The Idiot

Portrait caricatureI found out recently that the BBC is doing a new adaptation of Tolstoy’s War and Peace. In honor of this auspicious event, I thought it would be appropriate for me to post here a piece I wrote a few years ago on the experience of reading Dostoevsky’s novel The Idiot. So here it is.

 

The Idiot

Russian novels should come with little paper dolls of all the characters. Readers could use these dolls to connect faces with the multitude of names and in that way keep the various characters straight. Without some kind of device such as this, it is virtually impossible to make sense of the average Russian novel (at least in its nineteenth-century instantiation).

I’m reading Dostoevsky’s The Idiot now. There are, according to a list I found on the website for Middlebury College, fifteen main characters and ten secondary, or minor characters, in the novel. But with names such as Nikolay Andreevitch Pavlishchev and Vera Lukyanova Lebedev, it is difficult for someone who is not himself of Slavic extraction, to keep all the names straight. Characters are often introduced by names that will rarely be used again and the reader is left to figure out, by an elaborate process of deduction, who is who.
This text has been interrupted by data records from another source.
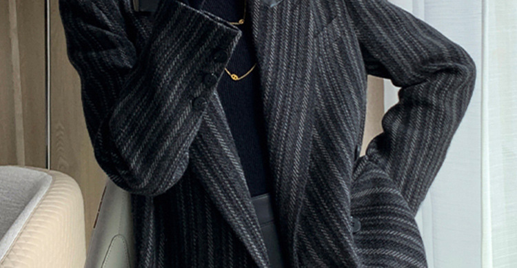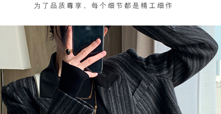 现货6810胖MM大码秋冬西装抗起球斜纹呢子毛呢外套女
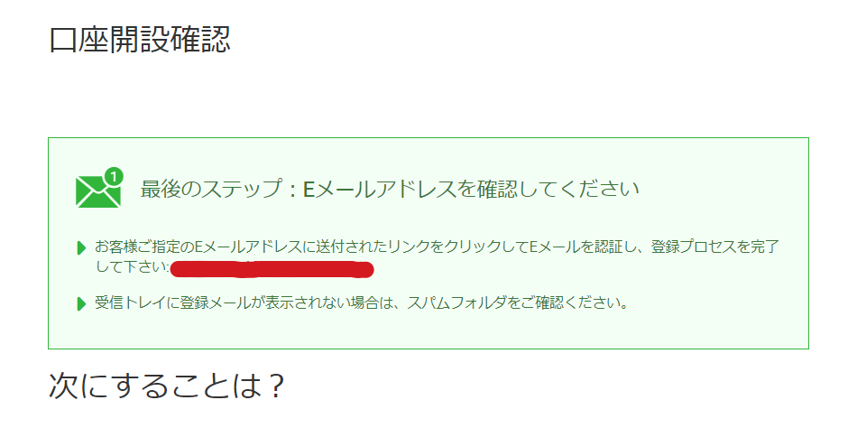 ↑画像にあるように、登録したメールアドレスにXMTrading(エックスエム)から口座開設確認メールが送信された旨のメッセージが出てきます。続けて何をすべきか?についても言及されていますね。とても親切な導線だと思います。
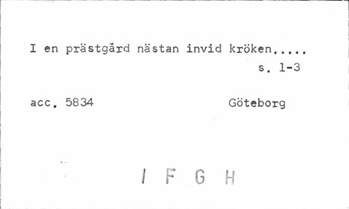 //// I en prästgård nästan invid kröken... //// s. 1-3 //// acc. 5834 Göteborg //// I F 6 H ////
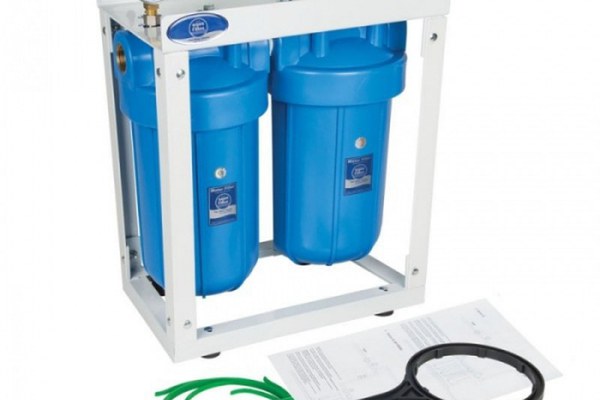 Sistem de filtrare Big Blue 10 in 2 etape, de inalta eficienta cu platforma metalica, manometre si adaptoare de conectare, fabricat din componente certificate NSF si WRAS.
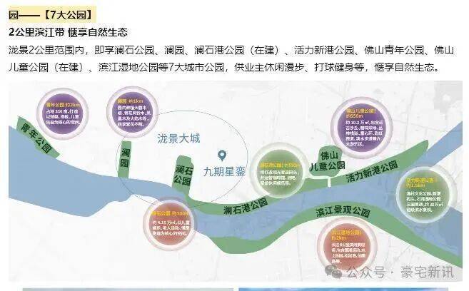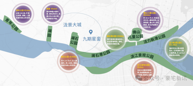 泷景2公里范围内,即享澜石公园、澜园、澜石港公园(在建)、活力新港公园、佛山青年公园、佛山儿童公园(在建)、滨江湿地公园等7大城市公园,供业主休闲漫步、打球健身等,惬享自然生态。
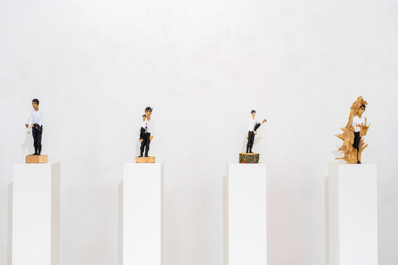 Grob bearbeitete Holzskulpturen zeigen „Metamorphosen“ zwischen Mensch und Natur. Grenzerkundungen mit dem Material und der menschlichen Figur.
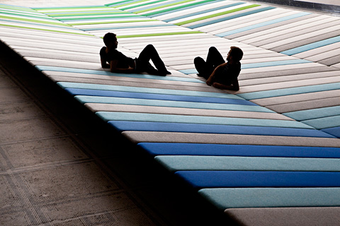 So inszenierten auch in diesem Jahr die Organisatoren des Festivals Vorträge, Debatten und Installationen im Victoria & Albert Museum in Kensington. Zu sehen war unter anderem „Textile Field", eine von Erwan und Ronan Bouroullec in Zusammenarbeit mit dem dänischen Stoffhersteller Kvadrat entworfene, dreissig mal acht Meter grosse Teppichlandschaft inmitten der Raphael Galerie. An der Royal Festival Hall in South Bank wiederum wurde im Rahmen von „Size & Matter" ein temporärer Glaspavillon präsentiert, der dieses Jahr von David Chipperfield gestaltetet worden ist. Und auch Christopher Wrens St Paul's Cathedral öffnete ihr südwestliches, turmartiges Treppenhaus mit einer Installation von John Pawson in Zusammenarbeit mit Swarovski: Inmitten des Raumes stand eine grossformatige Kristalllinse auf einem verspiegelten, halbkugelförmigen Sockel, die dank einer zweiten, an der Decke angebrachten Linse den spiralförmigen Treppenaufgang ins Unendliche spiegelte.
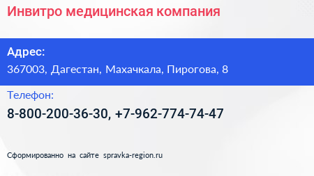 Инвитро, медицинская компания по адресу 367003, Дагестан, Махачкала, Пирогова, 8 в дальнейшем Организация, размещена в следующих категориях:

The “idiot” is the novel’s protagonist, Prince Myshkin, who is also sometimes referred to as Lev Nikolayevitch.  The further I have gotten into the novel though, the more I have begun to suspect that the title may actually have been intended to refer to the reader. Prince Myshkin, after all, does not appear particularly stupid, but my own intellectual self-esteem has been progressively eroded the further I have gotten into the work.

Scene after scene takes place in my imagination with only the faintest semblance of coherence. Characters enter and exit, make dramatic declarations, quarrel, lie, dissemble, plot, attempt suicide and even homicide, yet I’m unable to make sense of most of these events because I’m almost always in a state of confusion about who these people  are. I believe I have finally figured out that General Yepanchin also goes by the name of Ivan Fyordorovitch and that Totsky is also referred to as Afanassy Ivanovitch, but I did not figure this out until at least a third of the way into this six hundred page book and I fear that my earlier confusion may have caused me to miss some important plot twists.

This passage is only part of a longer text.